Negli ultimi anni diversi atleti russi hanno cambiato nazionalità per continuare a partecipare alle competizioni internazionali, una situazione che ha causato problemi a Mosca. Ora che il CIO sta riaprendo le porte alla Russia, lo stesso paese vorrebbe frenare questa “diaspora” come confermato dal ministro dello sport e presidente del Comitato Olimpico Russo (ROC), Mikhail Degtyarev che ha intenzione di stipulare una serie di contratti vincolanti per evitare che altri sportivi lascino il paese per situazioni più favorevoli.

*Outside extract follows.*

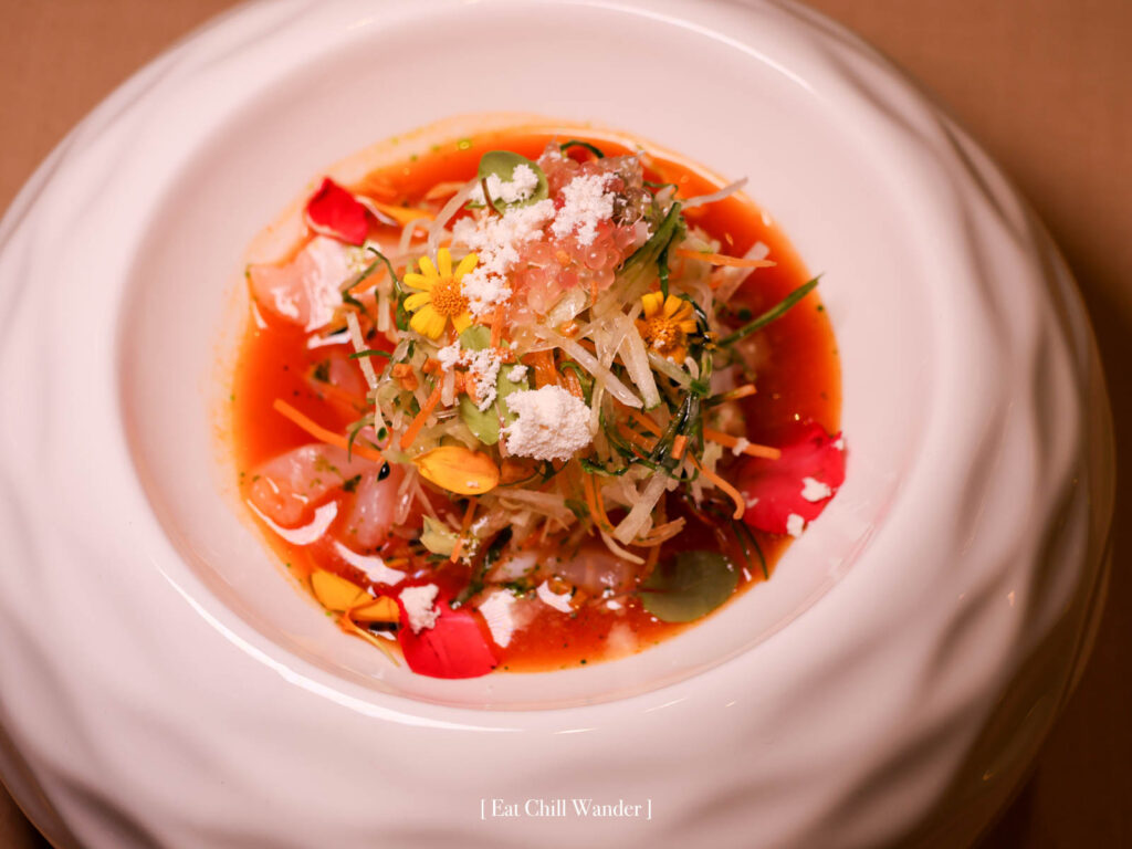 Mul Hoe – Chilled Raw Fish with Chilli Broth ซุปปลาดิบ ซึ่งตัวเดรสซิ่งจะเป็นน้ำจากการหมักกิมติ มีความเปรี้ยวสดชื่น ปลาหมึกนุ่ม ปลามาไดมีความอุมามิ ตัดกับความกรอบของผัก เข้ากันดีมากค่ะ จานนี้นัทชอบมาก

“Come ministro, non posso appoggiare la modifica della cittadinanza degli atleti. Non mi sentirete mai dire che si tratta semplicemente di una decisione personale dell’atleta. Incoraggio tutti a gareggiare sotto la bandiera di una grande potenza sportiva come la Russia. Ma se si tratta di un atleta juniores, la decisione spetta ai genitori. Non possiamo avanzare alcuna pretesa nei confronti dell’atleta stesso – ha spiegato Degtyarev in un’intervista a Sports.ru -. Credo che alla fine arriveremo a un punto in cui stipuleremo accordi legalmente vincolanti, non con lo Stato, ma tra federazioni e atleti. Quando un atleta si ritira e cambia nazione, la federazione internazionale, in conformità con i suoi statuti, gli impone un periodo di quarantena. La durata varia: da due a tre anni, a volte fino a quattro. Questa quarantena può essere revocata solo con il consenso della federazione russa dello sport in questione”.

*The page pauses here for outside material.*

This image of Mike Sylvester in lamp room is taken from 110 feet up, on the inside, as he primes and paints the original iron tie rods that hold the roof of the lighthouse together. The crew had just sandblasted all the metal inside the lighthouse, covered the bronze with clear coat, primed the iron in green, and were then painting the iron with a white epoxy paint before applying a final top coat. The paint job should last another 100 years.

Degtyarev ha di fatto messo un punto su questo continuo cambio di cittadinanze, tuttavia lascia aperta la porta qualora ci fosse un contributo economico da parte dell’atleta per lasciare il paese: “In teoria, se l’atleta rimborsasse tutte le spese sostenute dallo stato e dalla federazione, il periodo di quarantena potrebbe essere abbreviato. Ma in linea di principio, questo non può essere lasciato al caso – ha concluso il ministro-. Lo Stato investe ingenti somme di denaro nel percorso di carriera di un atleta, tra cui l’utilizzo delle infrastrutture, gli stipendi di allenatori e specialisti, le spese di viaggio e la partecipazione di atleti affermati alle competizioni: si tratta davvero di una cifra considerevole. Fino a 1,5 milioni di rubli all’anno per atleta”.